Acknowledging the complicated history of our fights is critical to making progress on them. Confronting the human failings of those we were taught to revere helps us hold a mirror up to ourselves and our own movements, so we can start to identify our own blind spots, holding us back. Lifting the names of those that history has not seen fit to vaunt, and who had the foresight to anticipate the invisible biases that would hold us back, helps us spot the moral guideposts while we navigate the present and the future.
So we must honor Ida B. Wells, who ignored Alice Paul’s directive and not only showed up to that DC march, but marched with the Illinois delegation who welcomed her. And Lucy Stone who centralized abolitionist policies with her crusade for voting rights, although Frederick Douglas would later call her out for back pedaling at times in her life. And Sojourner Truth, a freed slave, addressed the Ohio Women’s Rights convention in 1851 demanding the same rights and respect as her white counterparts in a speech that fundamentally change the dynamics of the conversation.
In 1920, women won the right to vote. But much like the lag time between Rankin’s election and that of Shirley Chisholm, the Civil Rights Act didn’t pass until 1965, allowing, in the preceding years, immoral barriers to voting based on race like literacy and poll taxes. The fight for Black civil rights was bloody and violent in a way the early suffragists never experienced.
Over the last decades, the growing anti-choice movement has ceaselessly worked to hollow-out the promise of Roe vs. Wade, by weaponizing state laws that create barriers to services, especially for women of color, by shaming women who seek them, and by closing the dwindling number of clinics that serve women. Last year, the movement for reproductive freedom struck a great victory when the Supreme Court ruled that some of these restrictions were unconstitutional. The clarion call at the time was “A right in theory is not a right at all.” This principle remains true when voting rights are unjustly and unequally applied. This remains true when liberty and justice for all is threatened on the streets of Charlottesville.

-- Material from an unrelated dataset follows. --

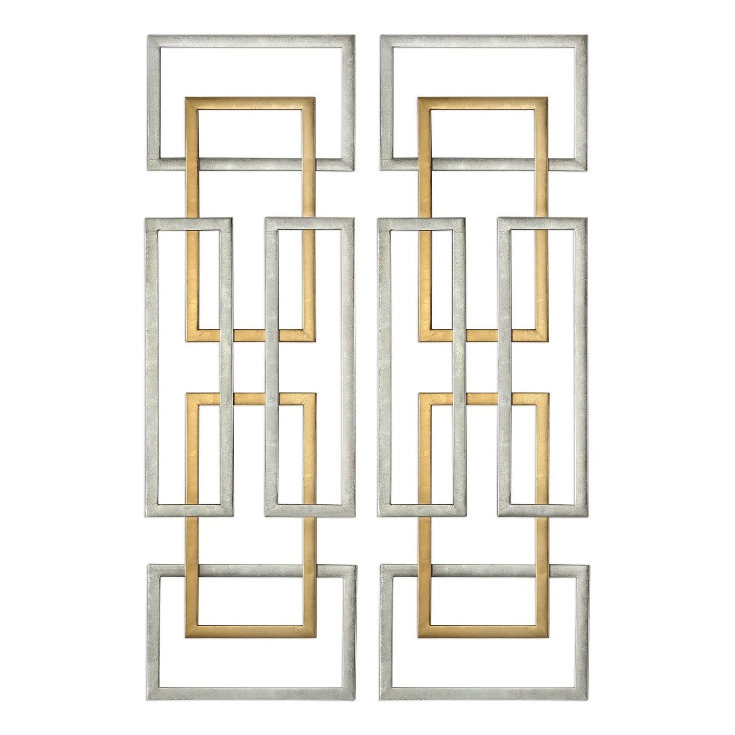 Overlapping, Geometric Rectangles Creating A Contemporary Look In A Two-toned Finish Combination of Lightly Antiqued Gold And Silver Leaf.

And as always in our history, the pathway to ensuring that constitutional rights become and remain a living, breathing part of people’s lives requires us to tell our history in a way that shines the light on the complicated details that teach us the hard truths about where we need to do better to ensure success for all. As history teaches us, one piece of this is for white women to confront our own blind spots, and truly internalize the idea that no progress is tangible and sustainable unless it applies to all.
The immediate catalyst Women’s Equality Day came about when “Battling” Bella Abzug, Congresswoman from New York, filed a Congressional resolution asking for the proclamation of the day from the President. President Nixon was in office at the time and when he signed the proclamation he stated:
“The struggle for women’s suffrage, however, was only the first step toward full and equal participation of women in our Nation’s life. In recent years, we have made other giant strides by attacking sex discrimination through our laws and by paving new avenues to equal economic opportunity for women. Today, in virtually every sector of our society, women are making important contributions to the quality of American life. And yet, much still remains to be done.”
Much remains to be done, and I certainly don’t have all the answers. But this Women’s Equality Day, let us commit to not only understanding our complicated and flawed history, but to show through our actions that we have learned from it.